By Theresa Harrington
When I visited Silverwood Elementary in Concord to write a story about teachers being laid-off, I was impressed by the dedication of educators I interviewed and touched by the relationships they have built with their students.
I interviewed fifth-grade teacher Jessica Beerbaum and special education teacher Robin Evans. Both of them also spoke on camera about how they feel to be leaving the school, after receiving pink slips.
Here is Beerbaum, talking about her time at the school.
And here is Evans explaining why she loves to teach special education students.
Across the Mt. Diablo school district, students and teachers are facing the difficult reality that campuses are losing some valued staff members. Northgate High School Sentinel reporter Antonio Lau wrote about how layoffs are affecting his Walnut Creek school in this story.
Here’s an excerpt:
“One of the teachers who received a pink slip was chemistry teacher and swim coach Kevin Taylor. Taylor, who has only been at Northgate for a couple of years, is a well liked teacher among his students. One of his students even made a Facebook group dedicated to asking people to help save Taylor’s job.
“I am very happy to have students who care about my well being. I hope they can show the same care for the whole system and work to make their voices heard in a productive manner,” Taylor said.
With the budget cuts, schools are losing more than just their teachers. All 5th grade music in the Mount Diablo Unified School District will be cut as well causing students to lose a crucial year in music.

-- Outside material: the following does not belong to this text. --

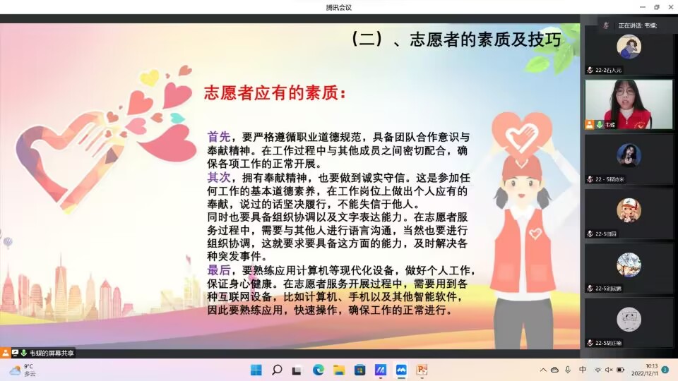 10月15日上午10:00,bevictor伟德宜宾校区伟德bv国际体育召开线上方式的志愿者相关知识的讲座。本次学院志愿者知识讲座旨在弘扬志愿服务精神的同时,也扩大同学们有关志愿者的知识面。更重要的是为了推动我们学院宜宾校区青服队的工作建设。本次会议由青服队成员韦蝶和石入元主持,2022级物联网工程4班和5班全体同学参加了此次讲座。

“It’s really bad that they would cut music class in 5th grade. It causes all the students to be a year behind which is going to affect them in the long run,” said sophmore Fabien Vaucheret, a member of orchestra at Northgate.
Northgate’s own music teacher Mr. Brown also received a pink slip by the district, which had many students worried. Thankfully during the Northgate Jazz Band’s performance at Yoshi’s, Brown proudly announced that he was not going to be fired.
With this country at its current economic state, it is only safe to assume that the California budget crisis is going to continue getting worse. However firing well-liked teachers and cutting good classes is not going to help with our education. It will only turn good schools into mediocre schools and deprive students of knowledge they will need in the future.”
Do you believe that budget cuts and layoffs are making good schools mediocre and depriving students of important knowledge?